# Vietnam : Saigon city's skyline



## LamDai (Nov 15, 2009)




----------



## Moodyville-ain (Nov 17, 2009)

1,2,3 and 5 are too blown out. Not much going on in 4. 6 and 11 are too oversaturated, 11 almost gets away with it but 6 just looks weird. 13 and 10 are too soft and/or blurry. 8 is pretty good but has too many distractions.

Now for the good. 
7 is a great pano, its an interesting vantage point with lots of visual interest, good use of sepia tone here. although the horizon is off, but overall I like it, and think it's a good photo.

9 is gorgeous! great contrast of colors. The straight building in front really adds to the diagonal houses in the middle and the curve of the background. The sky is beautifull with interesting couds wich are exposed well. Just a all around great photo IMO

12 is just cool. Good detail and sharpness, with a good amount of contrast especially from such a great distance.


----------



## LamDai (Nov 17, 2009)

Thanks for ur careful comment ! I love ur opinions !


----------



## Moodyville-ain (Nov 17, 2009)

You and me both would benefit from a neutral density filter, or a graduated N.D. filter. I have the same unfortunate problem with skies; My subject is exposed well, but my skies get blown out. 
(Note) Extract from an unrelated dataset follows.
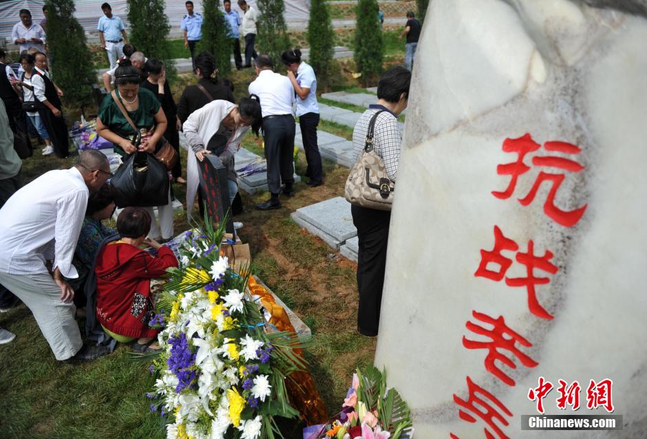 8月31日,位于河北省元氏县的神岩山公墓,工作人员正免费为首批12名抗战老兵完成安葬仪式。据了解,为纪念中国人民抗战胜利暨世界反法西斯战争胜利70周年,神岩山公墓特别设立了“抗战老兵墓区”,并免费提供100个墓位无偿捐献给抗战老兵,让他们能入土为安。墓碑上刻有老兵及其配偶姓氏、生卒时间、部队番号及主要抗战事迹。图为抗战老兵的家属、朋友来到墓碑前祭奠。 中新社发 翟羽佳 摄

I just learned about one the other day from jaharris1001. I haven't got one yet but I'm definitely going to, as it will save me some heartache.

I'm an amateur myself, so I do try and give helpful comments, whenever I can. My knowlege is limited, so take my critique as subjective as you wish.
http://www.thephotoforum.com/forum/members/jaharris1001.html


----------